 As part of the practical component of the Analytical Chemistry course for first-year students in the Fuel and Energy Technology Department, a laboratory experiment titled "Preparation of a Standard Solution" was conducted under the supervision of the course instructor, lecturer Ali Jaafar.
...
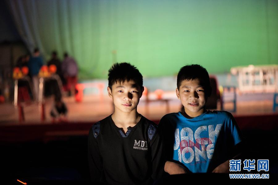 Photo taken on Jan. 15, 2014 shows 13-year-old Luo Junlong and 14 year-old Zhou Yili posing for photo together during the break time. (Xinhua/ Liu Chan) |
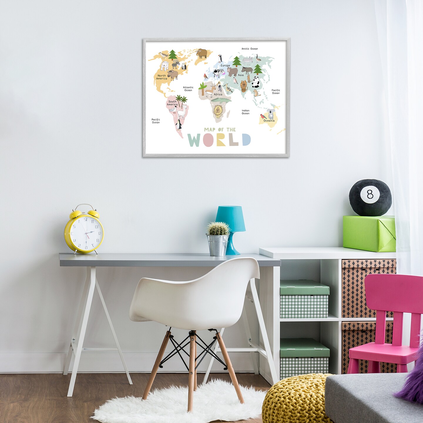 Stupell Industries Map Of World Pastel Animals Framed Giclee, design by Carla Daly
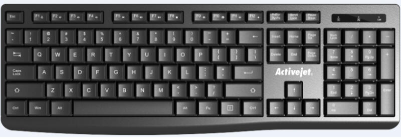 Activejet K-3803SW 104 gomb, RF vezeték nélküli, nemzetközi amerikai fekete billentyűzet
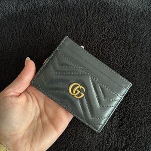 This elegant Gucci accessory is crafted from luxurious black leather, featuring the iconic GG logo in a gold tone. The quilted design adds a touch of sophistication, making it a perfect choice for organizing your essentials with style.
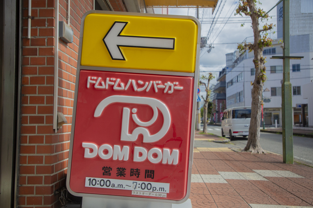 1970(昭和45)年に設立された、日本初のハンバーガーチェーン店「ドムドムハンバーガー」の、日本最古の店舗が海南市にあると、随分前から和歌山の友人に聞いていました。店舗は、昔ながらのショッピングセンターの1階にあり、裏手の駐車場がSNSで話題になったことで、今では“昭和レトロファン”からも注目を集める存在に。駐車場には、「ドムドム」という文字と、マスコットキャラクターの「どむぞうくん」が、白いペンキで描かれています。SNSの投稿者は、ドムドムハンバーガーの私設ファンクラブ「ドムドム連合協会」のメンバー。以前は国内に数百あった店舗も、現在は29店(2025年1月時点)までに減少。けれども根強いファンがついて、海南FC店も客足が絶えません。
* * *
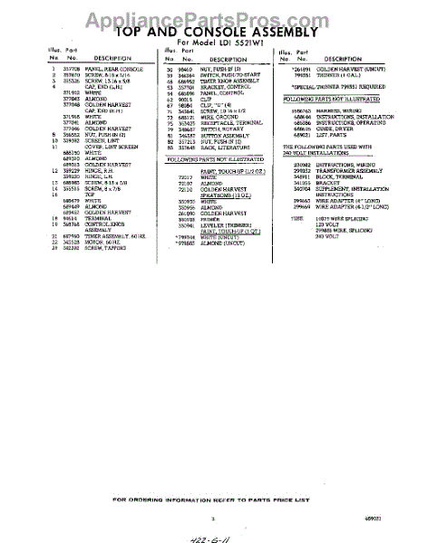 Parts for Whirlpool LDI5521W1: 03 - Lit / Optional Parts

> _Problem statement_:
In the data above, start at the line holding "Stupell Industries Map" and stop after the line holding "This elegant Gucci"; write out those lines exactly, without pictures.

> _Answer box_:
 Stupell Industries Map Of World Pastel Animals Framed Giclee, design by Carla Daly
 Activejet K-3803SW 104 gomb, RF vezeték nélküli, nemzetközi amerikai fekete billentyűzet
 This elegant Gucci accessory is crafted from luxurious black leather, featuring the iconic GG logo in a gold tone. The quilted design adds a touch of sophistication, making it a perfect choice for organizing your essentials with style.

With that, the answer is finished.